Applying Technology to Food and Beverage Manufacturing


During a recent holiday in France, over a croissant and coffee, I watched the morning crowds making their way to work. I was there as a tourist but was observing with my business mind, and a few things stood out for me.

First thought – public transport is key to urban business efficiency. Less travel time so more work in an 8-hour day – a must for developed nations. The French and most of Europe have people-logistics taped. Everyone relies on public transport and the internet. Even at rush hour, commuters use the fast ticket and smart-card loading vending machines to top-up their travel. Some even do online-@home over a decent vin-rouge. Avoiding difficult traffic and city parking. And they walk – well there’s an idea! And that leads to a plethora of meeting-place coffee/wine/beer-n-bite stops to and from work. Ideal for neutral-based networking and creative solution thinking.

Regional Manufacturing Challenges

The next thing that gave me pause was the business of manufacturing wine in France. If you are a French wine manufacturer, the rules are tough – no irrigation or fertilizer, and limited sulphides to preserve during transport, because they harvest/bottle at the chateaux (on-site), moving small batches straight from vines to pressing. Their grapes are smaller, initial pressing gentler than in South Africa, resulting in fewer tannins and histamines. Their manufacturing processes have major yet subtle changes creating a different final product for the same global market.

You may be an engineer like me, but at the same time, we are all in marketing too. Manufacturing differentiates our product, not just in quality or style but through processes and organic appeal – subtle changes to add value and create a competitive position. French red is often softer, lighter than equivalent South African red. Both are red wine but are distinctly different to serve different customers at different price points. You could argue one’s in the volume market and the other the flavor market, but I’ll leave that to you.

For stock control and distribution, let’s look at food – the croissant. Every town, village, and arrondissement has a Boulangerie (a baker’s shop). Products baked and sold fresh on-site to steady local-consumer queues, distributed further on basket-bikes. Sure, there are corporates for grocery retailers using mainstream logistics service providers. There’s a blend of micro and macro, national and local that grabs your attention. It’s more pronounced, customer-channel focused/niched than South Africa. Missed opportunity for us maybe. And whose croissants taste better? Satisfying a need, delivering an experience and “me” value – they always taste better in France…at the same price as in Johannesburg!
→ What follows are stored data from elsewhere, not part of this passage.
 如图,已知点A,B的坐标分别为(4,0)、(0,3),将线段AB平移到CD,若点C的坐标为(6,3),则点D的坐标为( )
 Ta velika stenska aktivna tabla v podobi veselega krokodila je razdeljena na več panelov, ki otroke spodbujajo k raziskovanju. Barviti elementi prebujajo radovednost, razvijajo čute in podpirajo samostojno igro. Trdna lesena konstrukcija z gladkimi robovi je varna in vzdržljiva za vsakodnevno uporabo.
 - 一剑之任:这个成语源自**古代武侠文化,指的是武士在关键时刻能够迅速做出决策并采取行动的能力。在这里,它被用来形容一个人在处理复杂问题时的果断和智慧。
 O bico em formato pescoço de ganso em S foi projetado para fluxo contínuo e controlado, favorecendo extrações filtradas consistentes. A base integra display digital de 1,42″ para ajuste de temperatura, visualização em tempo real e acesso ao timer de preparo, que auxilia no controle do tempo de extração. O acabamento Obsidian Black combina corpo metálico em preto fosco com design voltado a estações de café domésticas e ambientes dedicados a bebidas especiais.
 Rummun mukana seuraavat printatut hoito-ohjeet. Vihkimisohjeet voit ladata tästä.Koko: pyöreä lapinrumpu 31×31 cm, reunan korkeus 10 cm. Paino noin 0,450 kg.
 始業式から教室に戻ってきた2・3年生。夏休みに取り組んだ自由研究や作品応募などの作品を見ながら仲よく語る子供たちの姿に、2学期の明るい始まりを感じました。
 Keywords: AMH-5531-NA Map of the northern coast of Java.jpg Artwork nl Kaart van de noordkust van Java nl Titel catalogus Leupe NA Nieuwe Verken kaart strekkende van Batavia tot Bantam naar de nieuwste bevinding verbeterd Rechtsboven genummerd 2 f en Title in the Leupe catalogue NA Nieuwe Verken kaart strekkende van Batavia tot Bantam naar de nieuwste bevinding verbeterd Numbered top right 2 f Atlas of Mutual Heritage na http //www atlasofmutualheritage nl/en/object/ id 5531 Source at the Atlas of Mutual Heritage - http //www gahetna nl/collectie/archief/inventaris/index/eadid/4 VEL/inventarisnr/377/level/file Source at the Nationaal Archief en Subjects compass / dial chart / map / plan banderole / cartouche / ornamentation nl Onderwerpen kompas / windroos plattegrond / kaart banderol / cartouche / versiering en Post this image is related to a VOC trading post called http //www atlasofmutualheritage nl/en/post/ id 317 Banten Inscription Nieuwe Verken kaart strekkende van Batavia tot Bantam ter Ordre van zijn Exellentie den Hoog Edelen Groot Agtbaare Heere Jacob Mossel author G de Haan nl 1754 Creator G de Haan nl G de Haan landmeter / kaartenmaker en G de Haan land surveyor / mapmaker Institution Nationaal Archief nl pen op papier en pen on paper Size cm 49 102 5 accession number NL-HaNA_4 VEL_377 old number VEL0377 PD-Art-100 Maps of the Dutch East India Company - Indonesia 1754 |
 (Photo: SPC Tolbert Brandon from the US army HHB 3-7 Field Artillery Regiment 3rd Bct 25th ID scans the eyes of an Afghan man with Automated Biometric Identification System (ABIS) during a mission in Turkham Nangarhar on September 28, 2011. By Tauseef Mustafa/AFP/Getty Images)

I realized that technology is pervasive in this environment – not just Waze and weather but smartphone renting/dropping parked scooters or city-cars – options priced for so many segments. Logistics reliant on always-on-always-cheap connectivity/mobility and easy-ERP monthly/weekly planning, daily confirming, and hourly replenishment.

France inspired me, encouraging me to push new ideas in everything I do. I found myself absorbing unconsciously but remaining alert to new obvious opportunities to implement in a South African context. Machine learning in humans, now I’ll just industrialize this intelligence!